» Brief
The lines of the records that include "will" should all be copied.

[Opening Task data section]

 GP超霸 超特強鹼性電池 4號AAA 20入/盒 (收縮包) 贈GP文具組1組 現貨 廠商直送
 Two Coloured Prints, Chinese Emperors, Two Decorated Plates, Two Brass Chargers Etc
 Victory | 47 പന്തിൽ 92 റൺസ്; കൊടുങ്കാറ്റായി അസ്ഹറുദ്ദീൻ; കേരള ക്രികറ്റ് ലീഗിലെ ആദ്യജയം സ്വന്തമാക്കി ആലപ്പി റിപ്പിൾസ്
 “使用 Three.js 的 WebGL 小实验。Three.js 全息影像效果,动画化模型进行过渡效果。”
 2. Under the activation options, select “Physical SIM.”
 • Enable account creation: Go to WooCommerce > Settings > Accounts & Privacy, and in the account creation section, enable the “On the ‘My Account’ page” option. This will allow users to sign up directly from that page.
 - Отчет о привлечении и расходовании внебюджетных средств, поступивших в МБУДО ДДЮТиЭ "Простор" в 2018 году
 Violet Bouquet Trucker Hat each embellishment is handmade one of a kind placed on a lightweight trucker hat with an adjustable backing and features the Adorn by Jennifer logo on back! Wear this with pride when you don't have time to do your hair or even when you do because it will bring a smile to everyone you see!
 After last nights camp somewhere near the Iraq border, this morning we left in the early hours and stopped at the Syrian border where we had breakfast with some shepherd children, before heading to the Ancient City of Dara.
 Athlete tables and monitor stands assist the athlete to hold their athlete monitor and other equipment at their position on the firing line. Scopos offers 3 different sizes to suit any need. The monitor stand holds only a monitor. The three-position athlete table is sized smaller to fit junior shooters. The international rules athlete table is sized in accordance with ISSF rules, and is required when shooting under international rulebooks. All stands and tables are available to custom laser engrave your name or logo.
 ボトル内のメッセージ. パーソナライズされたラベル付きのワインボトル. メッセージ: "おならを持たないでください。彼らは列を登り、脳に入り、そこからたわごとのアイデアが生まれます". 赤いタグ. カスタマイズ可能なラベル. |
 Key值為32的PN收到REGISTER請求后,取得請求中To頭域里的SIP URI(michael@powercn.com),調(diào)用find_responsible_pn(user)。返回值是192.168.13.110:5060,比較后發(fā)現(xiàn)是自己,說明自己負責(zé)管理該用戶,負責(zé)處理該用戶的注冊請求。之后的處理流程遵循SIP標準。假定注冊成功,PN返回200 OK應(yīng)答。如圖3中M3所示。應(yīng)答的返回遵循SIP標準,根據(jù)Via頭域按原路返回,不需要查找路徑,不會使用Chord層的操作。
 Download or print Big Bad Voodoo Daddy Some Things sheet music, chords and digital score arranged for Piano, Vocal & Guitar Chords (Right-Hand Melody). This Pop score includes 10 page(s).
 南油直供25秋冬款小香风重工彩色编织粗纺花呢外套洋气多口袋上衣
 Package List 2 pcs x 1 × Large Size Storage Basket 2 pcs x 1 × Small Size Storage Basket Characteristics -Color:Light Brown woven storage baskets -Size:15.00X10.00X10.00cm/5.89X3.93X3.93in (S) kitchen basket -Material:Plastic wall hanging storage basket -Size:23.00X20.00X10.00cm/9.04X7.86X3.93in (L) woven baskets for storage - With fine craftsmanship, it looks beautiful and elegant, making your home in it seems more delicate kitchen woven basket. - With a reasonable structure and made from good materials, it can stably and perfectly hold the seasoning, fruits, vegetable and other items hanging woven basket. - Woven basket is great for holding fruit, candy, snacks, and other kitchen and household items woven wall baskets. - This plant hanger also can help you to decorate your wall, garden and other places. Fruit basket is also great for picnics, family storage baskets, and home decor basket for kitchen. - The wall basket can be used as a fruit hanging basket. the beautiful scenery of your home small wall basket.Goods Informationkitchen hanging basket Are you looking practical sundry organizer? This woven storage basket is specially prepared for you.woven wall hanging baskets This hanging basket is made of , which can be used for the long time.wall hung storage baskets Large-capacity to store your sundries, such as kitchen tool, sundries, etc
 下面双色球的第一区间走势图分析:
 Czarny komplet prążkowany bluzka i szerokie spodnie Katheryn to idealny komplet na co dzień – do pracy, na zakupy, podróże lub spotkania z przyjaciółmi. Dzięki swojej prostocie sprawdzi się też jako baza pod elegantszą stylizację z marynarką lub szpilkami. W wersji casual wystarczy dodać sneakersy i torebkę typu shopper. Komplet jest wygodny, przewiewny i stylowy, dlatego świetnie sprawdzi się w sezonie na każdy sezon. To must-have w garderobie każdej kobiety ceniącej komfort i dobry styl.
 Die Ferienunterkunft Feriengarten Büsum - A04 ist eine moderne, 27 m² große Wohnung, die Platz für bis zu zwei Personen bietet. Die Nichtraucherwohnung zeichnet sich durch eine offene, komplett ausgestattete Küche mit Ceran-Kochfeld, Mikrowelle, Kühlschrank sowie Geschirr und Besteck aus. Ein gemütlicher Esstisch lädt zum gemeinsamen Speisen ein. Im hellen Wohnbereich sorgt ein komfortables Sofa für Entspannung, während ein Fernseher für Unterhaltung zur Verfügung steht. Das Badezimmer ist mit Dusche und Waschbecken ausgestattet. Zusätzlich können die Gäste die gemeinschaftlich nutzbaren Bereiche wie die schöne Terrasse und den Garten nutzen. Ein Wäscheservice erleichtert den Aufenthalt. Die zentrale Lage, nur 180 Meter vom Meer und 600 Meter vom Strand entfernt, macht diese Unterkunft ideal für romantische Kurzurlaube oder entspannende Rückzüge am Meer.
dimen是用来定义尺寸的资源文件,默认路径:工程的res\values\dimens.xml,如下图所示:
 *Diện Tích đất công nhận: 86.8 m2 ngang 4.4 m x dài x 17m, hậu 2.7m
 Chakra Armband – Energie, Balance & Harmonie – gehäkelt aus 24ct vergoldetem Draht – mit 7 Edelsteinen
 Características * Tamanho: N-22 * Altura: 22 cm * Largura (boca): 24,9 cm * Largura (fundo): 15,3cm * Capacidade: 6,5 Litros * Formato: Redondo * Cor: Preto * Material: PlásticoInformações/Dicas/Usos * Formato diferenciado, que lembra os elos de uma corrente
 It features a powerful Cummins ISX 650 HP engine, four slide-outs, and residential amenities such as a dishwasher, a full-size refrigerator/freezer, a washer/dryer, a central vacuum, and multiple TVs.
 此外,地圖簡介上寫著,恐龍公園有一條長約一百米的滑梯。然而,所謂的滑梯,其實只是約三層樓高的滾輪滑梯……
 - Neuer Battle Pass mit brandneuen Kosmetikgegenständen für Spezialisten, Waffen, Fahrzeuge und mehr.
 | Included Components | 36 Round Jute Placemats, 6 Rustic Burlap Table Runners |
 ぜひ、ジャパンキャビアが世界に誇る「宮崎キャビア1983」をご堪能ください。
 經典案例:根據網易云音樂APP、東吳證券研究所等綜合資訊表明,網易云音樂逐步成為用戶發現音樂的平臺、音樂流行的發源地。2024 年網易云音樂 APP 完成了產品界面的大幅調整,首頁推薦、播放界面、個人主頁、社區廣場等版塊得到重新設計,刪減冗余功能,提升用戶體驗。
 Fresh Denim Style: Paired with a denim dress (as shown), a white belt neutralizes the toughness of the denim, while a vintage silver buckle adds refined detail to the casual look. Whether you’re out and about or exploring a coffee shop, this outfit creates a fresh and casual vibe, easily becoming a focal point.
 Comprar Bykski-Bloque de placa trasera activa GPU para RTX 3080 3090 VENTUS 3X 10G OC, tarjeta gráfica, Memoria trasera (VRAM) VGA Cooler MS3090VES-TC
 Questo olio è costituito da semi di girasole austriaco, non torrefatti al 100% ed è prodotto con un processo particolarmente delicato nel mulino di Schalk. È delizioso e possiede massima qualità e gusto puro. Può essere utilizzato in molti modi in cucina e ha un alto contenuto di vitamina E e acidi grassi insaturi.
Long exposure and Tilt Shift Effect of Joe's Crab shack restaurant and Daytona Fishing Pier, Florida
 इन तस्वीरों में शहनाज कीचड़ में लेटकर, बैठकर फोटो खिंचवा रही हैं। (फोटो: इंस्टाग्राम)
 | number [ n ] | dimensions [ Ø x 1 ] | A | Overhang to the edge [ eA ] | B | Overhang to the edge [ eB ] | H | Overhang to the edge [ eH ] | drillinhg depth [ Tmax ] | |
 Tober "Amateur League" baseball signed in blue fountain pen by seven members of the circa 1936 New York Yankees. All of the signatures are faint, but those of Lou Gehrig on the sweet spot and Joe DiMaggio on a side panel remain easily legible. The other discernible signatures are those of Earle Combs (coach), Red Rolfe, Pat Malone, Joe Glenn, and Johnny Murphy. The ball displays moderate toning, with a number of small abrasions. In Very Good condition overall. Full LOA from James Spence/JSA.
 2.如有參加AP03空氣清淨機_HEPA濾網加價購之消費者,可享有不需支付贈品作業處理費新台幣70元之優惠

[Closing Task data section]

» Result for this task
 • Enable account creation: Go to WooCommerce > Settings > Accounts & Privacy, and in the account creation section, enable the “On the ‘My Account’ page” option. This will allow users to sign up directly from that page.
 Violet Bouquet Trucker Hat each embellishment is handmade one of a kind placed on a lightweight trucker hat with an adjustable backing and features the Adorn by Jennifer logo on back! Wear this with pride when you don't have time to do your hair or even when you do because it will bring a smile to everyone you see!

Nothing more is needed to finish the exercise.